Direktur Eksekutif Yayasan Madani, Nadia Hadad menuturkan, diperlukan kolaborasi berbagai pihak untuk mendorong pencapaian target 1,5°C. Berbagai pihak harus memiliki peran dan berkontribusi. 

“Kita semua memiliki peran. Laporan CAT ini bukan mengkritik, tetapi untuk mendorong agar langkahnya lebih baik. Semuanya dilakukan untuk menyelamatkan bumi, untuk itu diperlukan akuntabilitas dan transparansi,” papar Nadia Hadad. 

Mahawan Karuniasa, Ketua Jaringan Ahli Perubahan Iklim dan Kehutanan Indonesia (APIKI) menuturkan, emisi karbon yang dihasilkan seluruh negara di dunia diproyeksikan tidak boleh lebih dari 33 gigaton pada tahun 2030 untuk menjaga suhu bumi tidak lebih dari 1,5°C. Meski demikian, perkiraan emisi karbon yang dihasilkan mencapai 58 gigaton. 

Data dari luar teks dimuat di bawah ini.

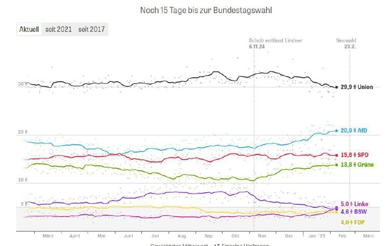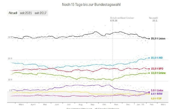 Pod?a najnovších prieskumov vedie blok Únie s 29,9 %. Na druhom mieste(!) je AfD (20,9 %), SPD zaostáva s 15,8 %.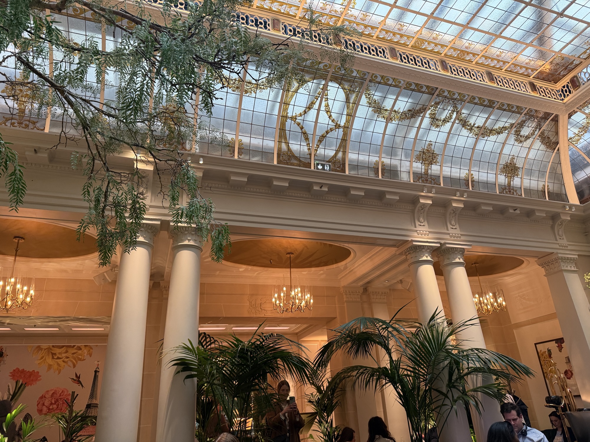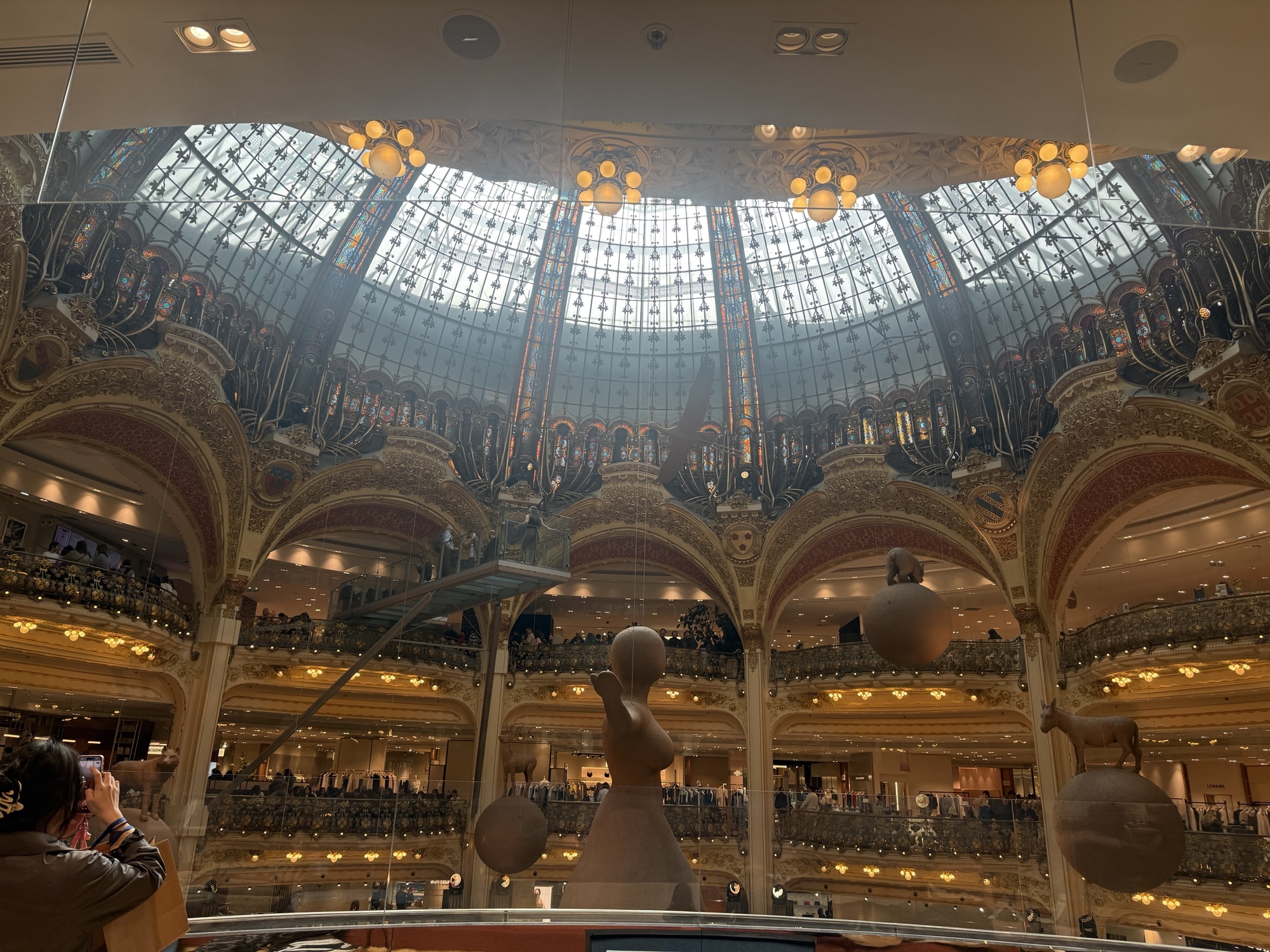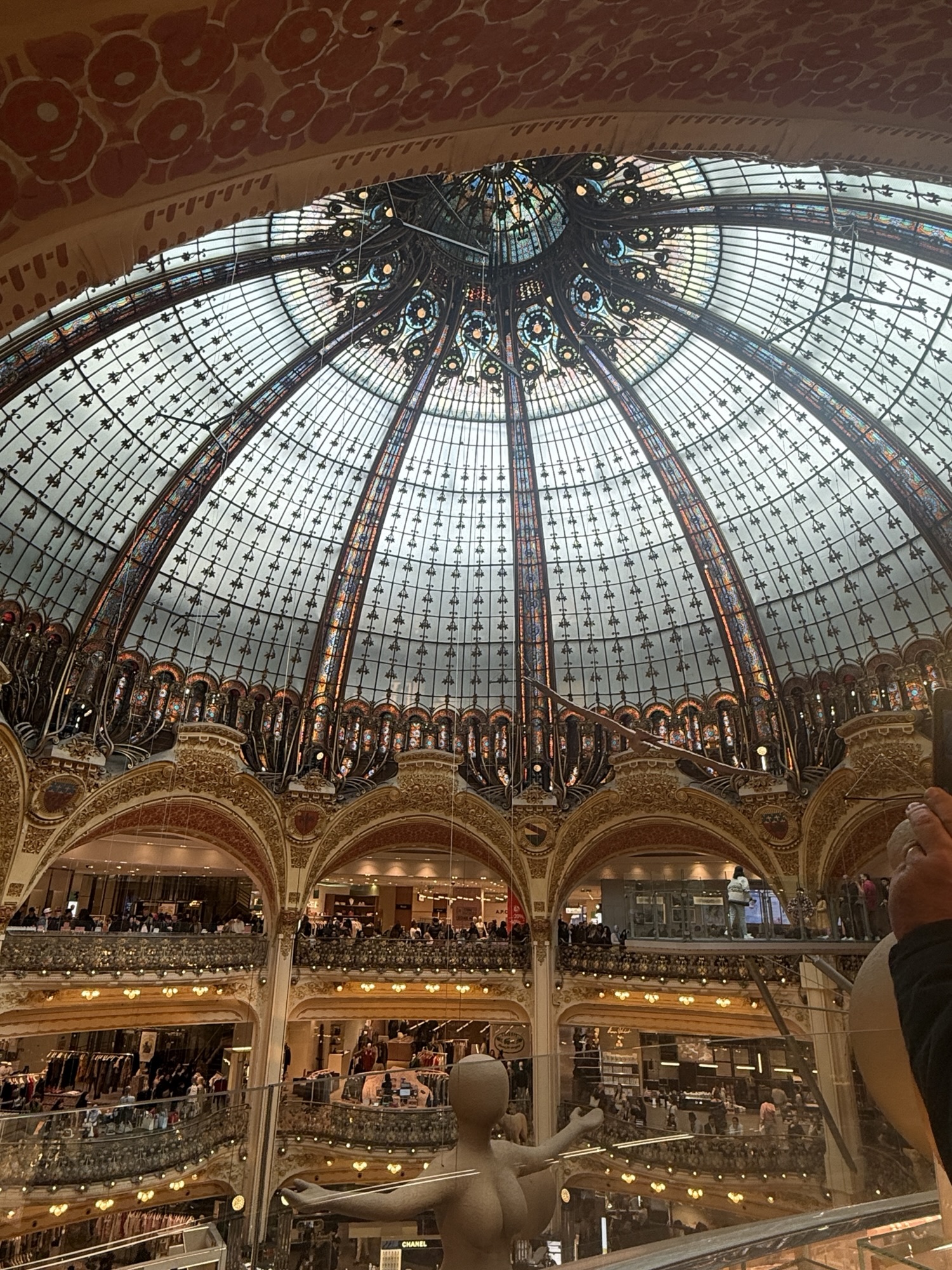 We walked to the Galleries Lafayette as Norm spotted people on their roof. This is the ceiling dome in the store!

“Apabila terdapat implementasi NDC di seluruh negara, maka perkiraan emisi bisa menurun menjadi 53-56 gigaton pada tahun 2030. Yang berarti masih ada gap yang besar sekali antara 20-23 gigaton. Jika gap tersebut tidak bisa dipenuhi semua negara, termasuk Indonesia, maka kita bisa mencapai di atas 1,5°C,” papar Mahawan. 

Sonny Mumbunan,  ekonom juga peneliti dari Research Center for Climate Change Universitas Indonesia, memandang perlu pula membahas bagian pembiayaan iklim secara mendalam pada  laporan Climate Action Tracker.

“Ketika Indonesia masuk menjadi anggota G20 dengan dinarasikan memiliki pertumbuhan ekonomi tinggi, hal ini menjadi dilema tersendiri bagi Indonesia. Mengingat, Indonesia juga masih perlu dana dari negara lain. Hal ini juga mempengaruhi cara kita mendekati sektoral di energi, di sektor berbasis lahan maupun sektor loss and damage. Kelihatannya Indonesia memerlukan pendekatan berbeda berdasarkan profiling dirinya, yang berada antara negara maju maupun negara berkembang,” tegas Sonny. 

Climate Action Tracker adalah sebuah inisiatif yang melakukan analisis ilmiah independen yang melacak aksi iklim negara dan mengukurnya terhadap tujuan Paris Agreement yang disepakati secara global untuk menahan pemanasan jauh di bawah 2°C, dan mengejar upaya untuk membatasi pemanasan hingga 1,5°C. CAT telah memberikan analisis independen terhadap sekitar 40 negara sejak 2009. Anggota CAT terdiri dari Climate Analytics, New Climate Institute, dan Institute for Essential Services Reform (IESR) yang bergabung sebagai mitra sejak 2022.